Вода в тазу порозовела.

— Дорогой мой, — сказала я, — ты слишком усердно чистишь зубы.

Он еще раз набрал воду в рот и выплюнул ее. На этот раз во­да была красной. Я велела Марио позвонить доктору и попро­сить его принести адреналин. Энрико продолжал молча полос­кать горло. Окончив полоскание, он сказал мне:

— Дора, иди на свое место и не уходи, что бы ни случилось. Зрители будут следить за тобой. Не подавай повода к панике.

Я повиновалась, дрожа от страха, вспомнив, как он однаж­ды сказал:

— Тенора иногда умирают на сцене от кровоизлияния.

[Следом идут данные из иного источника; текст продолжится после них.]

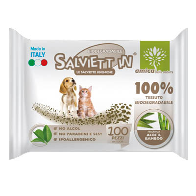 Salviett’in  sono salviette umidificate formato XXL 30×15 100 Pezzi. 100% tessuto biodegradabile. No alcol, no parabeni, ipoallergenico.

Я сидела в первом ряду. Занавес поднялся с опозданием на четверть часа, из чего я заключила, что доктор приходил.

Энрико выбежал на небольшой деревенский мостик, сме­ясь и стараясь выглядеть как можно глупее и беззаботнее. На нем был рыжий парик, чесучовая блуза, коричневые штаны и полосатые чулки. Из кармана торчал большой красный платок, а в руке он держал небольшую корзинку. Публика горячо заап­лодировала. Выйдя на авансцену, он начал петь. Закончив фра­зу, Энрико отвернулся и вынул платок. Я услышала, как он кашлянул, но, услышав реплику, спел свою фразу и отвернулся снова. Когда он опять повернулся лицом к залу, я увидела, что по его одежде течет кровь. В зале зашептались, но замолчали, когда он запел. Из-за кулис протянулась рука Дзирато с поло­тенцем. Энрико взял его, вытер губы и... продолжал петь. Ско­ро

сцена вокруг него покрылась малиново-красными полотен­цами. Наконец он закончил арию и ушел. Закончился акт, и за­навес опустился. Вне себя от ужаса я сидела, боясь пошеве­литься. Долгое время в театре было тихо. Как в пустом доме. За­тем, как по сигналу, начался шум. Слышались крики: «Не раз­решайте ему петь! Прекратите спектакль!». Кто-то дотронулся до моего плеча:

— Я судья Дайк, миссис Карузо. Позвольте мне проводить вас за кулисы.

Мы медленно шли по проходу, но, выйдя в коридор, я побе­жала в гримерную Энрико. Он лежал на диване. Выражение ужаса было написано на лицах всех людей, окружавших его. Доктор X. объяснил, что лопнула небольшая вена у основания языка. Помощник директора «Метрополитен» мистер Зайглер уговаривал Энрико ехать домой.